• _Exercise requirements_:
A word-for-word copy of the entries, with the images left out, is what you should write.
◇ ◇ ◇
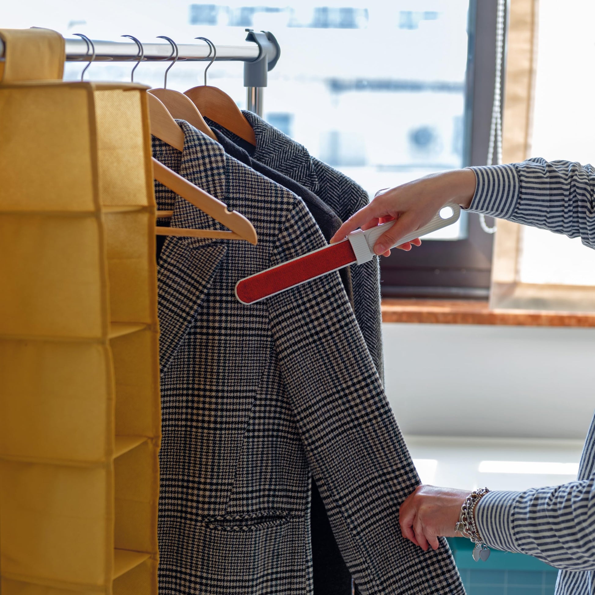 - Rimuove velocemente peli, pelucchi, capelli dai tessuti.
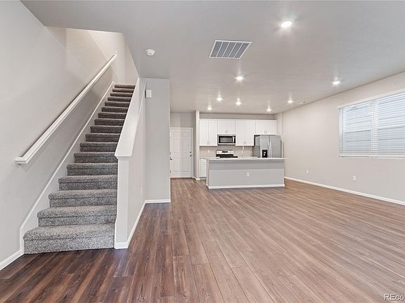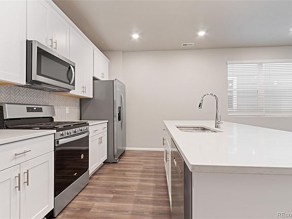 Brand new, energy-efficient home available NOW! Washer, dryer, fridge, and blinds included. Just imagine sitting on your covered front porch drinking a nice refreshing cup of lemonade! Outfitted with gorgeous white cabinetry, herringbone backsplash in the kitchen, quartz countertops, and luxurious vinyl plank flooring throughout the main Now selling from our model homes. Located in Northglenn just a short distance from parks, shopping, dining, and entertainment. Meet friends for dinner downtown or simplify your commute to work with easy access to I-25 and the nearby lightrail station. Groundbreaking energy efficiency is also built seamlessly into every home in this community so you can spend less on utility bills and more on the things that matter most.* Each of our homes is built with innovative, energy-efficient features designed to help you enjoy more savings, better health, real comfort and peace of mind. Photos are a Builder home of same floorplan.
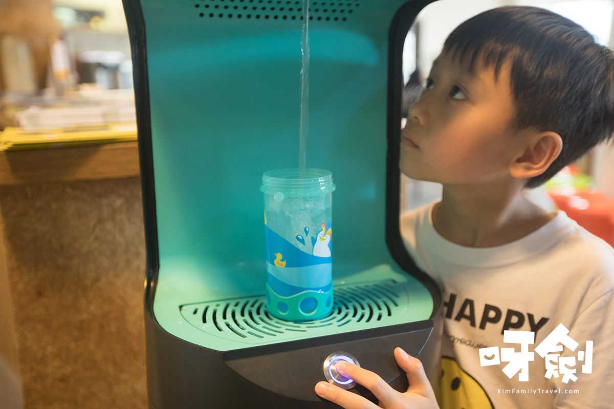 智能水機上有一按鈕,每次按下系統計算就會顯示節省多一個膠樽(當然用按的次數來計算並不完全準確)
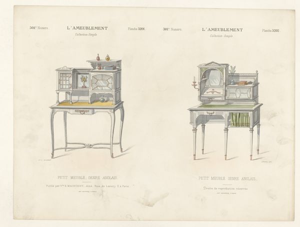 This photograph shows a display of a cabinet and table, made of ebony and inlay, as shown at the German Exhibition in Munich in 1876. Ebony, prized for its dense, dark grain, has long been associated with luxury. Sourced from tropical regions and requiring skilled craftsmanship, it immediately signals wealth and refinement. The meticulous inlay work, precise joinery, and polished surfaces all indicate a substantial investment of time and skill. Note the contrasting light inlays against the dark ebony, creating intricate patterns. The cabinet features detailed carvings of classical figures, further enhancing its preciousness. These are not simply functional pieces of furniture; they are displays of status. They were conceived to impress viewers with the owner’s wealth and refined taste. Ultimately, we can understand this display of craftsmanship and material as a reflection of the social hierarchies and aspirations of 19th-century society.
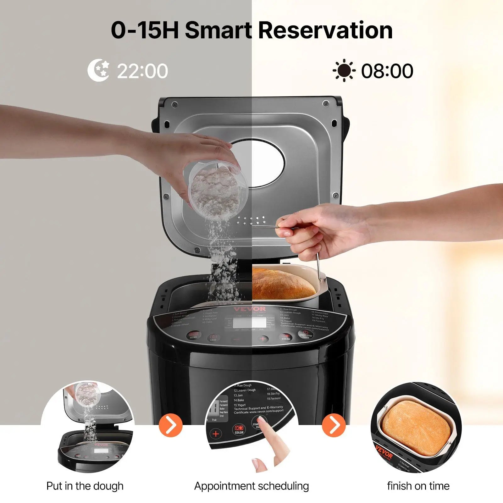 15-Hour Smart Timer & Keep Warm: Schedule your baking up to 15 hours in advance and enjoy warm, fresh bread anytime with the 1-hour automatic keep-warm function.
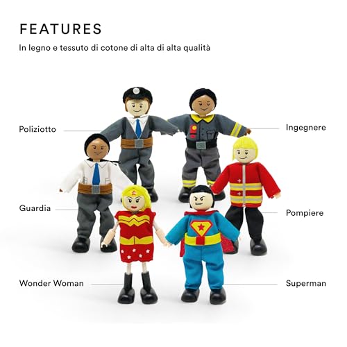 Stokke MuTable Heroes Set by Hape Toys - Sei bambole per la Casa degli eroi, fra cui, il Pompiere, il Poliziotto, l'Ingegnere, la Guardia e due Supereroi - In legno e cotone - Per bambini dai 3 anni
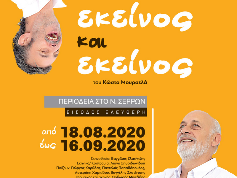 Το ΔΗ.ΠΕ.ΘΕ Σερρών σε συνεργασία με την Περιφερειακή Ενότητα Σερρών και την Κ.Ε.ΔΗ.Σ., δημιούργησε για το καλοκαίρι του 2020, την παράσταση «Εκείνος κι Εκείνος» του Κώστα Μουρσελά η οποία από 18-8-20 μέχρι 16-9-20 θα περιοδεύσει σε όλο τον Νομό Σερρών. Η παράσταση προσφέρεται στο κοινό με είσοδο ελεύθερη.   Ο Δήμος Βισαλτίας και συγκεκριμένα η Νιγρίτα θα αποτελέσει έναν από τους σταθμούς της περιοδείας, την Παρασκευή 11 Σεπτεμβρίου 2020 και ώρα 21:00 στην Παλαίστρα…
◇ ◇ ◇
• _Result of this exercise_:
 - Rimuove velocemente peli, pelucchi, capelli dai tessuti.
 Brand new, energy-efficient home available NOW! Washer, dryer, fridge, and blinds included. Just imagine sitting on your covered front porch drinking a nice refreshing cup of lemonade! Outfitted with gorgeous white cabinetry, herringbone backsplash in the kitchen, quartz countertops, and luxurious vinyl plank flooring throughout the main Now selling from our model homes. Located in Northglenn just a short distance from parks, shopping, dining, and entertainment. Meet friends for dinner downtown or simplify your commute to work with easy access to I-25 and the nearby lightrail station. Groundbreaking energy efficiency is also built seamlessly into every home in this community so you can spend less on utility bills and more on the things that matter most.* Each of our homes is built with innovative, energy-efficient features designed to help you enjoy more savings, better health, real comfort and peace of mind. Photos are a Builder home of same floorplan.
 智能水機上有一按鈕,每次按下系統計算就會顯示節省多一個膠樽(當然用按的次數來計算並不完全準確)
 This photograph shows a display of a cabinet and table, made of ebony and inlay, as shown at the German Exhibition in Munich in 1876. Ebony, prized for its dense, dark grain, has long been associated with luxury. Sourced from tropical regions and requiring skilled craftsmanship, it immediately signals wealth and refinement. The meticulous inlay work, precise joinery, and polished surfaces all indicate a substantial investment of time and skill. Note the contrasting light inlays against the dark ebony, creating intricate patterns. The cabinet features detailed carvings of classical figures, further enhancing its preciousness. These are not simply functional pieces of furniture; they are displays of status. They were conceived to impress viewers with the owner’s wealth and refined taste. Ultimately, we can understand this display of craftsmanship and material as a reflection of the social hierarchies and aspirations of 19th-century society.
 15-Hour Smart Timer & Keep Warm: Schedule your baking up to 15 hours in advance and enjoy warm, fresh bread anytime with the 1-hour automatic keep-warm function.
 Stokke MuTable Heroes Set by Hape Toys - Sei bambole per la Casa degli eroi, fra cui, il Pompiere, il Poliziotto, l'Ingegnere, la Guardia e due Supereroi - In legno e cotone - Per bambini dai 3 anni
 Το ΔΗ.ΠΕ.ΘΕ Σερρών σε συνεργασία με την Περιφερειακή Ενότητα Σερρών και την Κ.Ε.ΔΗ.Σ., δημιούργησε για το καλοκαίρι του 2020, την παράσταση «Εκείνος κι Εκείνος» του Κώστα Μουρσελά η οποία από 18-8-20 μέχρι 16-9-20 θα περιοδεύσει σε όλο τον Νομό Σερρών. Η παράσταση προσφέρεται στο κοινό με είσοδο ελεύθερη.   Ο Δήμος Βισαλτίας και συγκεκριμένα η Νιγρίτα θα αποτελέσει έναν από τους σταθμούς της περιοδείας, την Παρασκευή 11 Σεπτεμβρίου 2020 και ώρα 21:00 στην Παλαίστρα…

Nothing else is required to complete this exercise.